Update: Grandma Helen

After I posted this page, Uncle Izzy (Grandma Helen's late brother) wrote to me with the following information about Grandma:

Your Great Grandmother, Sarah Sugarman come into the USA via Canada. I believe she came in illegally, with your Grandmother "chi-yidis" (Helen) and Helen's brother Louis (Leibel?). They came here in 1921, since I was born in 1922. Great grandpa Samuel (Shmuel) was here legitimately quite a few years earlier, trying to bring them over. Sarah was born in Wierzbenik, Poland (forgive the spelling) as was your grandma. I have tried looking it up, but not too successful. That is about all I can tell you.

I once asked Grandma where in Poland she was from, and I remember her saying it was a village near Radom, an industrial city located roughly in the center of the present-day borders country. Since she also mentioned Wierzbnik, I assume she was referring to Wierzbnik-Starachowice -- now Starachowice, a town of ~50,000.

Wierzbnik-Starachowice was founded in 1624. In 1827 it had a total population of 441, with 8 Jews (1.8%), but by 1921, the year Grandma left, the total population had increased to 5,459 with 2,159 Jews (almost 40%).

On 1 September 1939, the Germans bombed Wierzbnik-Starachowice (it had munitions factories).
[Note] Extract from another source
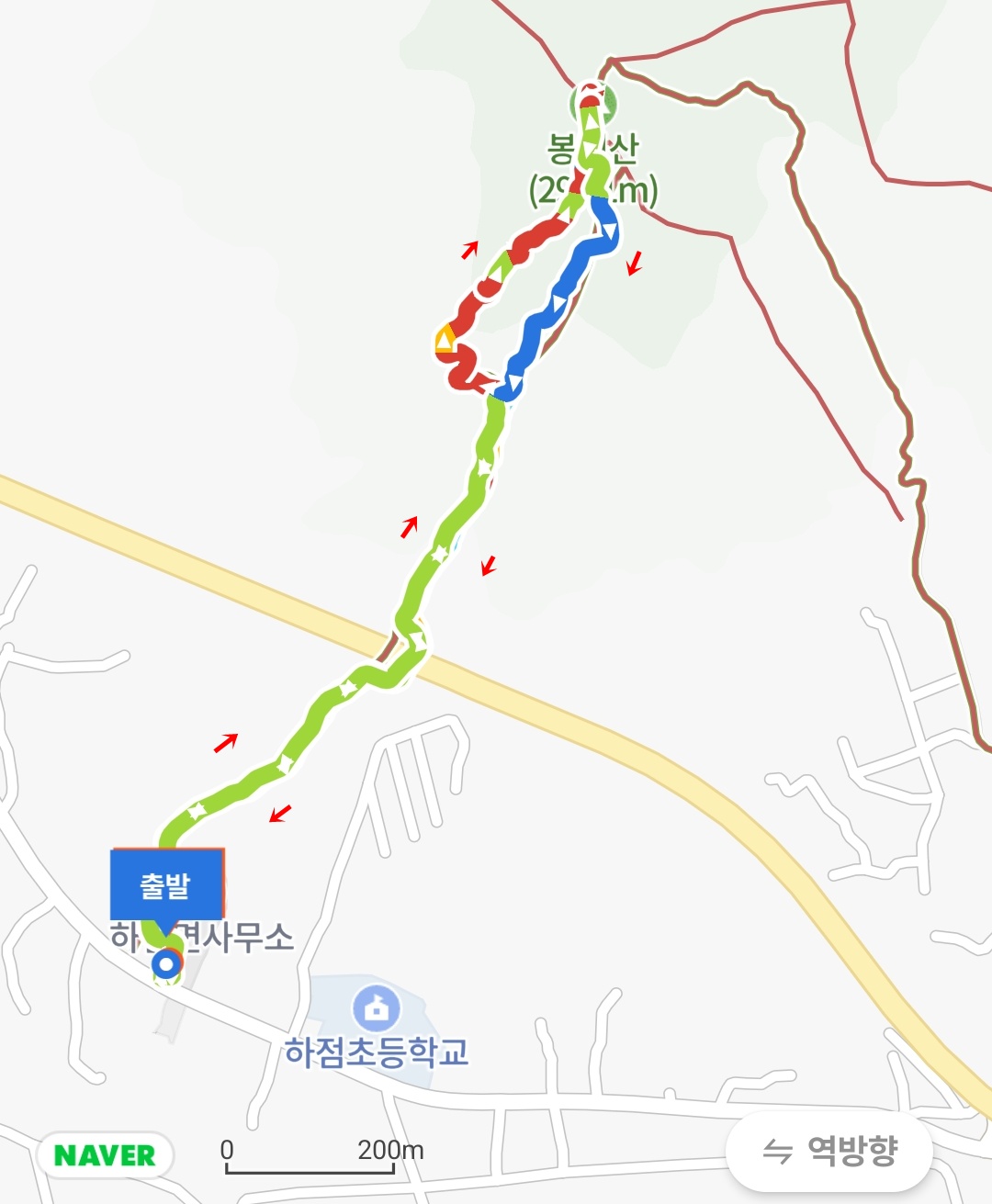 4. 코스 : 하점면사무소~능선코스~ 봉천산~계곡코스~하점면사무소

Many residents fled to nearby villages, and on 9 September the town fell to the Germans. Abuse of the Jews predictably began almost immediately:

"In September 1939, on the eve of Yom Kippur, the Germans broke into the synagogue and while beating the Jews forced them out to the street. Some worshippers were pulled by their beards, and the group of Amishov Hasidim, who prayed in their own shtibel [prayer house] were singled out for special cruelty. After this, the synagogue was set ablaze."
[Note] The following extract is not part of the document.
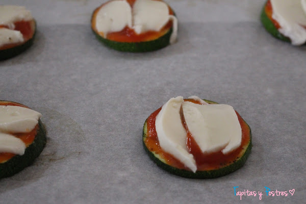 Ponemos las rodajas de calabacín en una bandeja de horno con papel vegetal. Les ponemos un poco de tomate frito encima.
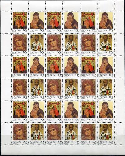 Почтовые марки. Россия. 1992г. Иконы. Совм. выпуск. Лист. №54-57.

Ironically, the Jewish population if the town increased during this period as refugees from Łódź and Pomerania in Western Poland arrived in Wierzbnik-Starachowice. By February, the number of Jews in Wierzbnik-Starachowice had grown to 3,156 and in May 1941 to some 3,600.

The Jews of Wierzbnik-Starachowice were put in a ghetto on 2 April 1940. Two and a half years later, they were taken away in a great aktzia [deportation]. On 27 October 1942, the 4,000 Jews in the ghetto were herded to the market square. Some 2,000 men fit for work were separated during the 'selection,' and sent to local work camps. The remaining 2,000 Jews, mostly women, children and the elderly, were transported to the death camp Treblinka.
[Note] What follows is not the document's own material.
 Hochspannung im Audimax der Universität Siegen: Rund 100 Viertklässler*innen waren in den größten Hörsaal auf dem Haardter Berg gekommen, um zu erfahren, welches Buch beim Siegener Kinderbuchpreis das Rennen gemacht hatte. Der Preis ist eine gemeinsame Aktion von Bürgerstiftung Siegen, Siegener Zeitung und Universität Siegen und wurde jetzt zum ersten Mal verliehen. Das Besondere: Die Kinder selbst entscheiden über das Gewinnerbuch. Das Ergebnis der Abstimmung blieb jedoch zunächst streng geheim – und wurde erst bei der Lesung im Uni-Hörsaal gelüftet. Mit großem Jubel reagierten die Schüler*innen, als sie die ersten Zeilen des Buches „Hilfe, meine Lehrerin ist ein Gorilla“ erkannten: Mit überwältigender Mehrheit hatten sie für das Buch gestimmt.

Work camps were established near the munitions factories in Wierzbnik-Starachowice. There were more than 3,000 workers, including most of the Jews pulled from the ghetto for forced labor. One of the camps was in operation until June 1943, and the other until July 1944.

In March 1943, 140 Jews who could no longer work were murdered in the Starachowice camp. A large 'selection' took place at the end of the summer of 1943 after which more than 100 sick Jews were murdered in the adjacent forest. In July 1944, with the advance of the Red Army to the area, the Germans abandoned the camps. At the time of the evacuation, the prisoners rebelled, and 100 succeeded in fleeing to the forests. The Germans chased after them and many of the escapees were captured and killed.

At the end of the war, a few of the survivors returned to Starachowice. In May 1945, Polish members of the anti-Semitic Krayova Army broke into the house of Leibush Brodbeker, and murdered him and several members of his family and beat other Jews. In the wake of these events, the last Jews left the town and moved to Łódź.